## Items from a data source
BEGIN
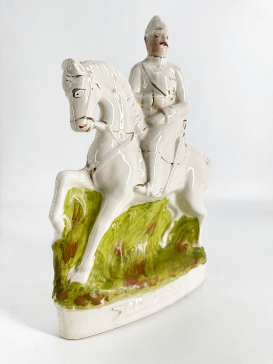 White & Green Ceramic Handpainted Staffordshire General French Figurine
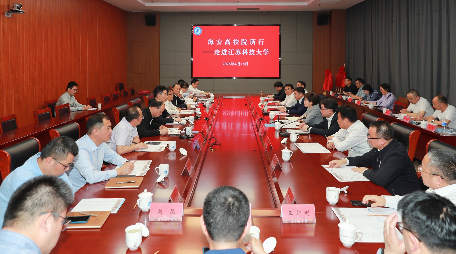 赵男男对学校的热情接待表示感谢。她表示,江科大在船舶海工领域的科技创新中具有鲜明特色,在船舶行业人才培养中也有很高的地位,为江苏省船舶工业和经济社会高质量发展作出了积极贡献。近年来,海安市紧紧围绕“枢纽海安、科创新城”战略定位,抢抓长三角一体化发展等国家战略机遇,主动融入长江口产业创新绿色发展协同区建设,争当跨江融合发展先行区,城市创新发展水平和综合实力不断攀升。海安市全面构建以高端纺织、高端装备、新材料、新能源、新一代信息技术为主导的“五群十链”现代产业体系。此次走访希望在重大科技项目、科技成果转化、人才培养等方面与学校深化合作,推动科技创新与产业升级同频共振,提升产业核心竞争力,赋能新质生产力发展,共同服务高技术船舶企业发展。
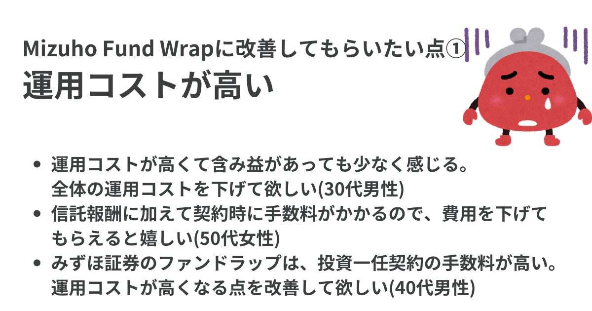2024年10月に行ったみずほ証券のファンドラップ「Mizuho Fund Wrap」に関する調査結果を紹介いたします。
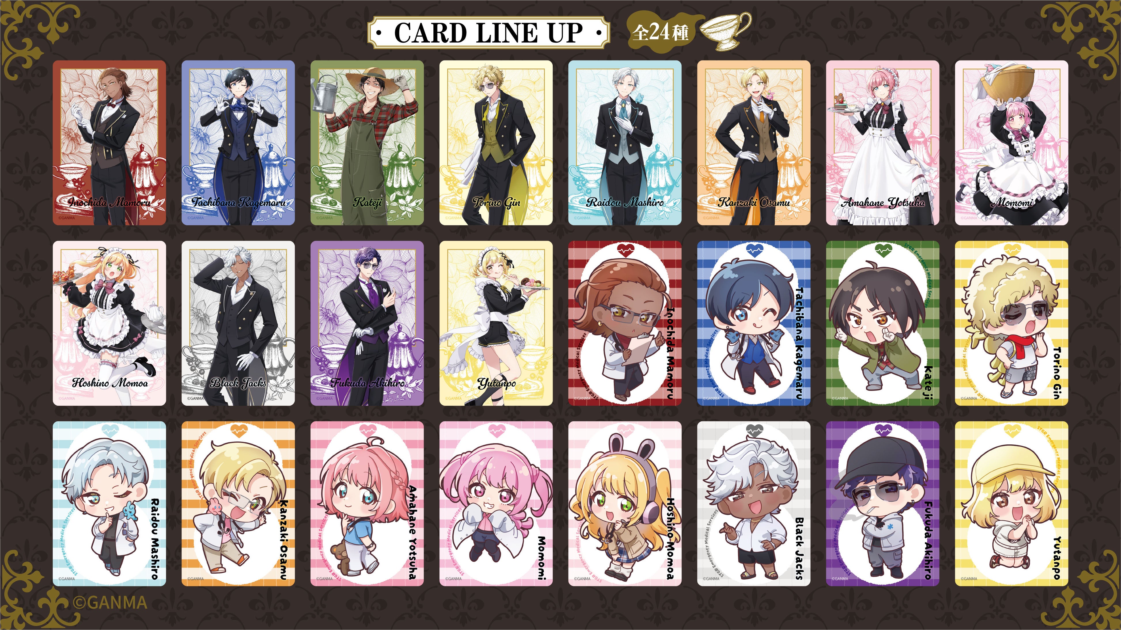 https://prcdn.freetls.fastly.net/release_image/138402/10/138402-10-a39d29d253ad024a68277839fc1d806e-3890×2189.jpg ■Street Grass Ambulance Team Trading Card Wafers – Butler & Maid Edition – Manufacturer’s suggested retail price: ¥290 (tax included) – Card types: 24 types (normal) 24 types (holographic) *Randomly included – Card size: Approximately 59 x 86 mm – Contents: 1 vanilla-flavored wafer, 1 trading card – Participating members: Momomi, Torino Gin, Raido Mashiro, Kanzaki Osamu, Amano Yotsuba, Tachibana Kagemaru, Hoshino Momoa, Inochida Mamoru, Kateiji, Black Jacks, Yutanpo, Fukuda Akihiro Notes: *Images are for illustrative purposes only. Actual product may differ. *Each pack contains one of 24 cards with random holographic illustrations. *Not all types are included in one box. *Card designs cannot be selected. If you purchase multiple cards, you may receive the same card. *Store at room temperature, avoiding direct sunlight, high temperatures and humidity. *This product is manufactured in a factory that also produces products containing eggs. *Once opened, please consume as soon as possible regardless of the expiration date. *Please note that these sweets are fragile and may crack or chip. *There may be color unevenness on the surface of the wafer, but this is due to uneven baking during manufacturing and does not affect the quality. *Product release dates and specifications may be changed, postponed, or canceled due to various circumstances. ●Bonus information
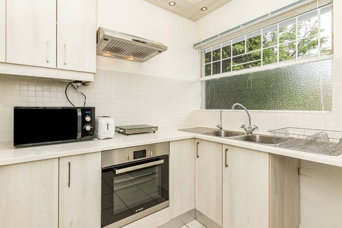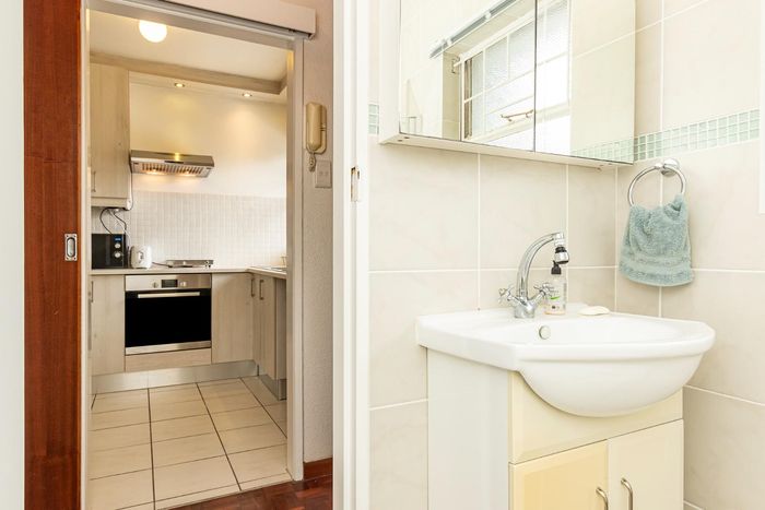 Effortless campus-edge living in Rondebosch, just minutes from UCT and village shops, north-facing apartment with a modern Caesarstone kitchen, sunny balcony with partial mountain views, one bed, garage.
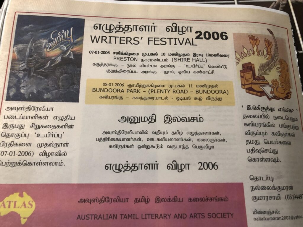 2006 ஜனவரி 7 ஆம் 8 ஆம் திகதிகளில் அவுஸ்திரேலியா மெல்பனில் நடந்த ஆறாவது எழுத்தாளர் விழாவின் நிகழ்ச்சிகள், விழா அமைப்பாளர்களின் நோக்கத்தை படிப்படியாக நிறைவேற்றிக் கொண்டிருக்கும் அறிகுறியை காண்பிக்கிறது.
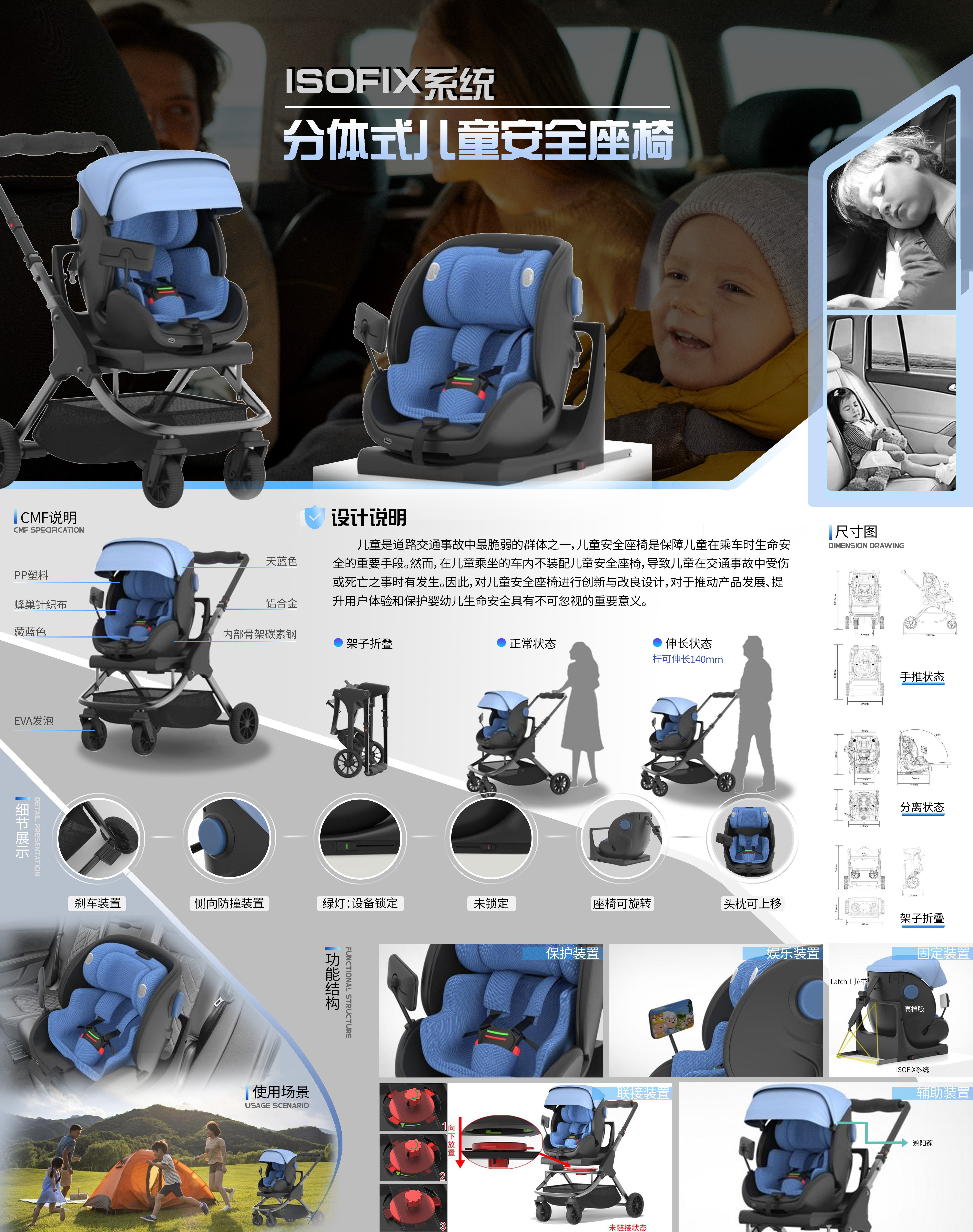 儿童是道路交通事故中最脆弱的群体之一,儿童安全座椅是保障儿童在乘车时生命安全的重要手段。然而,在儿童乘坐的车内不装配儿童安全座椅,导致儿童在交通事故中受伤或死亡之事时有发生。因此,对儿童安全座椅进行创新与改良设计,对于推动产品发展、提升用户体验和保护婴幼儿生命安全具有不可忽视的重要意义。
END
## AIM OF THE TASK
Using the entries above, transcribe every line from the line containing "赵男男对学校的热情接待表示感" through the line containing "circumstances. ●Bonus information". Do not copy pictures.

## EXERCISE ANSWER
 赵男男对学校的热情接待表示感谢。她表示,江科大在船舶海工领域的科技创新中具有鲜明特色,在船舶行业人才培养中也有很高的地位,为江苏省船舶工业和经济社会高质量发展作出了积极贡献。近年来,海安市紧紧围绕“枢纽海安、科创新城”战略定位,抢抓长三角一体化发展等国家战略机遇,主动融入长江口产业创新绿色发展协同区建设,争当跨江融合发展先行区,城市创新发展水平和综合实力不断攀升。海安市全面构建以高端纺织、高端装备、新材料、新能源、新一代信息技术为主导的“五群十链”现代产业体系。此次走访希望在重大科技项目、科技成果转化、人才培养等方面与学校深化合作,推动科技创新与产业升级同频共振,提升产业核心竞争力,赋能新质生产力发展,共同服务高技术船舶企业发展。
2024年10月に行ったみずほ証券のファンドラップ「Mizuho Fund Wrap」に関する調査結果を紹介いたします。
 https://prcdn.freetls.fastly.net/release_image/138402/10/138402-10-a39d29d253ad024a68277839fc1d806e-3890×2189.jpg ■Street Grass Ambulance Team Trading Card Wafers – Butler & Maid Edition – Manufacturer’s suggested retail price: ¥290 (tax included) – Card types: 24 types (normal) 24 types (holographic) *Randomly included – Card size: Approximately 59 x 86 mm – Contents: 1 vanilla-flavored wafer, 1 trading card – Participating members: Momomi, Torino Gin, Raido Mashiro, Kanzaki Osamu, Amano Yotsuba, Tachibana Kagemaru, Hoshino Momoa, Inochida Mamoru, Kateiji, Black Jacks, Yutanpo, Fukuda Akihiro Notes: *Images are for illustrative purposes only. Actual product may differ. *Each pack contains one of 24 cards with random holographic illustrations. *Not all types are included in one box. *Card designs cannot be selected. If you purchase multiple cards, you may receive the same card. *Store at room temperature, avoiding direct sunlight, high temperatures and humidity. *This product is manufactured in a factory that also produces products containing eggs. *Once opened, please consume as soon as possible regardless of the expiration date. *Please note that these sweets are fragile and may crack or chip. *There may be color unevenness on the surface of the wafer, but this is due to uneven baking during manufacturing and does not affect the quality. *Product release dates and specifications may be changed, postponed, or canceled due to various circumstances. ●Bonus information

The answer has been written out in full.